Today in Dalit History we celebrate the strength and resilience of a Dalit woman, Radhika Vemula. Born of Dalit parents, she was adopted by a Shudra couple when she was still a baby. Throughout her life, she experienced several confusing realities; as an adopted child in a non-Dalit home, as a spouse in a turbulent and inter-caste relationship and in her struggle to raise her three children with little support.

She managed the economics of her household with tailoring, embroidery, construction and domestic work. There were dire times for the family when it was difficult to pull together three square meals a day. Radhika and the children all worked wage labour jobs on the side but she still encouraged them to come back after their work and read too. She was a mother determined to educate her children and sent all of them to college.

Being bright children, they were all admitted into good schools. When both her sons were in college, she made the decision to further her own education. She began a Bachelors of Arts degree through a distance-learning programme offered by Sri Venkateshwara University. So while her children were students furthering themselves, she was too!

The family was proud of their exremely intelligent older son Rohith Vemula on his admission into University of Hyderabad (uoH). They also finally experienced some financial breathing room when Rohith began receiving a monthly scholarship at his PhD programme. Radhika and the family were deeply shocked when they discovered that UoH, in association with right-wing Hindu political forces, had institutionally murdered their son and brother.

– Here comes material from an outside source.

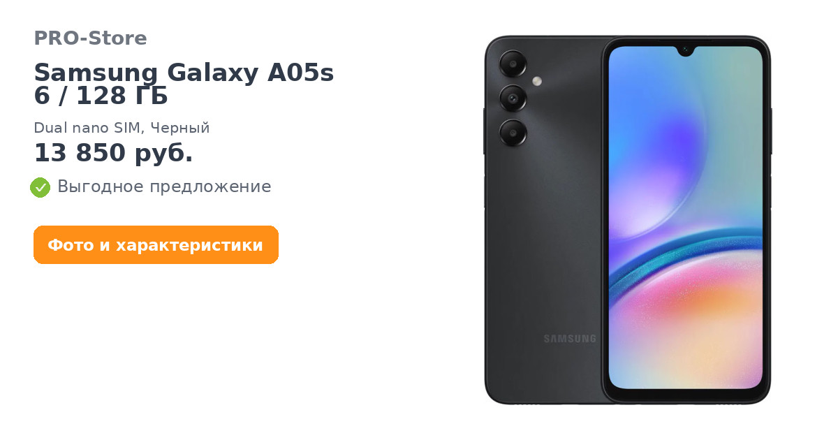 Смартфон Samsung Galaxy A05s 6/128 ГБ, Dual nano SIM, Черный

In the hard days that followed, Radhika’s deep sense of grief has been seen to be matched only by her incredible resilience and commitment to obtaining justice for her son. Rohith’s death, had thrown her right in the eye of a storm. She has been protesting outside in the same location at UoH that Rohith had when he had been unfairly expelled by the administration. She has unflinchingly experienced police brutality along with the other student protestors. She bravely calls out Minister Smriti Irani as one of her son’s murderers and refused Prime Minister Narendra Modis’s fabricated sympathy. She stands tall, leading her other two children and all the other students fighting for justice at UoH. In a towering act of revolution, on the significant occassion of Babasaheb Ambedkar’s 125th birth anniversary, she renounced Hinduism and embraced Buddhism. She affirms that she did so in order to honour the memory of her son and to escape the root of their oppression.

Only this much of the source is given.